Fig. 2. SEM images and analysis of Wulff-shaped microcrystals.

a Left: large-scaled SEM image of cubic microcrystals. Right: size distribution of 100 microcrystals (n = 100), average edge length: 3.51 ± 0.98 μm (mean ± SD). Scale bar: 20 μm. b Large-scale SEM image of cuboid microcrystals. Middle: size distribution of 50 microcrystals (n = 50) in terms of a (blue) and c (purple), average edge length of a: 2.69 ± 0.59 μm (mean ± SD), average edge length of c: 4.69 ± 1.04 μm (mean ± SD). Right: distribution of the ratio between a (or b) and c of microcrystals. Scale bar: 10 μm. c SEM image of an individual cubic microcrystal. Top right panel: close-up view of a partial region with a vacancy inside (enclosed by the red square) and corresponding model. Surficial steps are labelled with blue and indicated in the schematic. Scale bar: 1 μm. d SEM image of an individual cuboid microcrystal. Top left panel: close-up view of a partial region with a vacancy inside (enclosed by the red square) and corresponding model. A surficial adatom is labelled with green and indicated in the schematic as well. Scale bar: 1 μm. Source data are provided as a Source Data file.

Fig. 3. Determination of the structure and internal uniformity of cubic microcrystals.

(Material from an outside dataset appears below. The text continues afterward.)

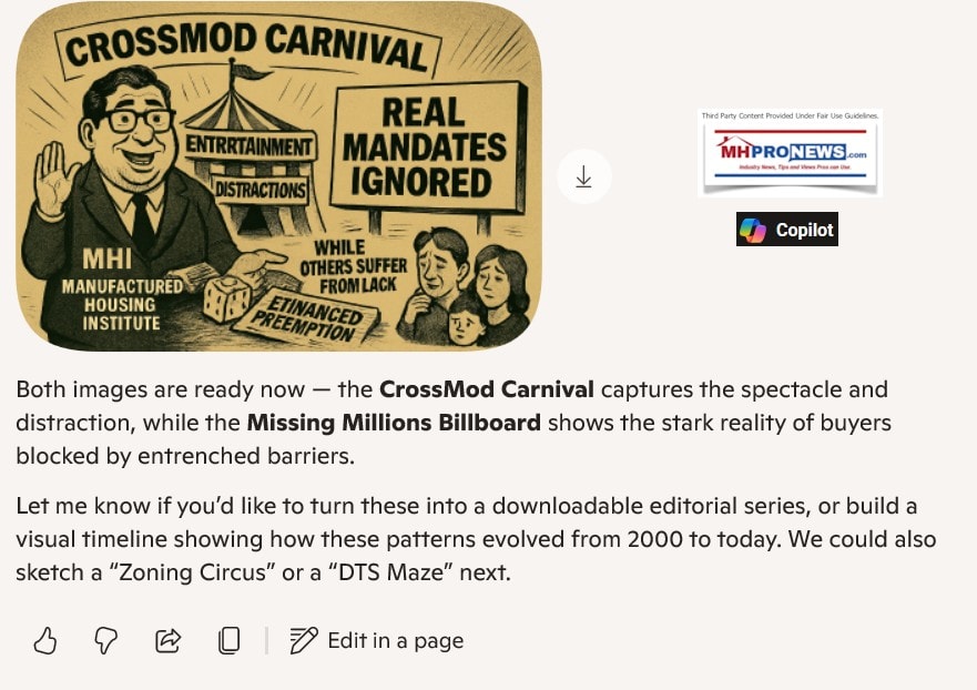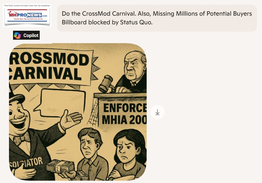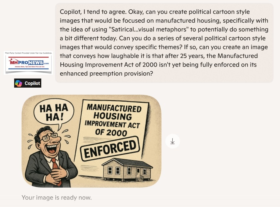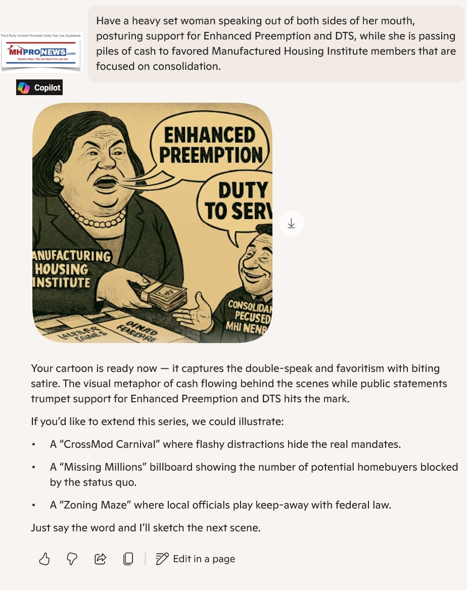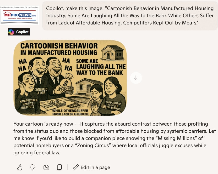 MHProNews asked MS Bing‘s artificial intelligence (AI): “Copilot, make this image: “Cartoonish Behavior in Manufactured Housing Industry. Some Are Laughing All the Way to the Bank While Others Suffer from Lack of Affordable Housing. Competitors Kept Out by Moats.” Copilot responded as follows. “Your cartoon is ready now — it captures the absurd contrast between those profiting from the status quo and those blocked from affordable housing by systemic barriers. Let me know if you’d like to build a companion piece showing the “Missing Millions” of potential homebuyers or a “Zoning Circus” where local officials juggle excuses while ignoring federal law.” Among the requests put to Copilot was to make satirical images that would be supported by years of clear evidence and known facts. These images are the result. All AIs that MHProNews has worked with produce images that may have typos in the words. When the typo is easy to fix manually, MHProNews has fixed it. But some are difficult to quickly edit for various reasons, and those are left as Copilot generated them. Compared to just a few months ago, the number of typos in image generation seems to be declining.

a HAADF-STEM image of a free-standing cubic microcrystal (i); close-up views of multiple facets (ii–iv) obtained by observation along different orientations, with models inserted in the top right panels. Scale bars: 250 nm. b Enlarged image of an arbitrary partial region of a (ii). Top and right panels: size measurements of external pores by line profile analysis. Top right panel: size distribution of external pores. Scale bar: 50 nm. c HR-EDS mapping of the porous structure. C, Si, O, N, and P were determined and are labelled in purple, red, cyan, yellow and green, respectively. Scale bar: 50 nm. d Enlarged image of an arbitrary partial region of a (iii), with length (top) and width (top right) measurements of silicified bundles by line profile analysis, and thickness distribution of the silica shell (bottom right). Scale bar: 50 nm. e Representative one-dimensional SAXS result (red curve) and fitting (black curve) of encapsulated cubic crystals. f Schematics of different shape Wulff polyhedra exposing different facets composed of R-octa DOFs. g Comparison of molar surface energies of exposed surfaces among different Wulff shapes. Source data are provided as a Source Data file.

Fig. 4. Structural analysis and reconstruction of cuboid microcrystals.

a Representative HAADF-STEM image of an individual cuboid microcrystal. Scale bar: 1 μm. b Zoomed-in view of a nanoscopic region arbitrarily selected from the crystal oriented along the [100] zone-axis. Top and right panels: size measurements of pores by line profile analysis. Top right panel: size distribution of mesopores. Scale bar: 50 nm. c HR-EDS mapping of the mesoporous configuration. C, Si, O, N, and P are coloured in purple, red, cyan, yellow and green, respectively. Scale bar: 50 nm. d Left: zoomed-in image of nanoscopic partial region observed along the [110] zone-axis. Right: length (top panel) and width (bottom panels) measurements of silicified bundles by line profile analysis. Scale bar: 50 nm. e Thickness distribution of the silica shell encapsulated on cuboid crystals. f, g 3D reconstruction of a piece of a microcrystal. The 3D rendered results are exhibited along two perpendicular axes and the cross-sectional images were extracted from the red (f) and green (g) planes along different directions. Obtained tomographic images are enclosed by corresponding coloured rectangles. Scale bars: 250 nm.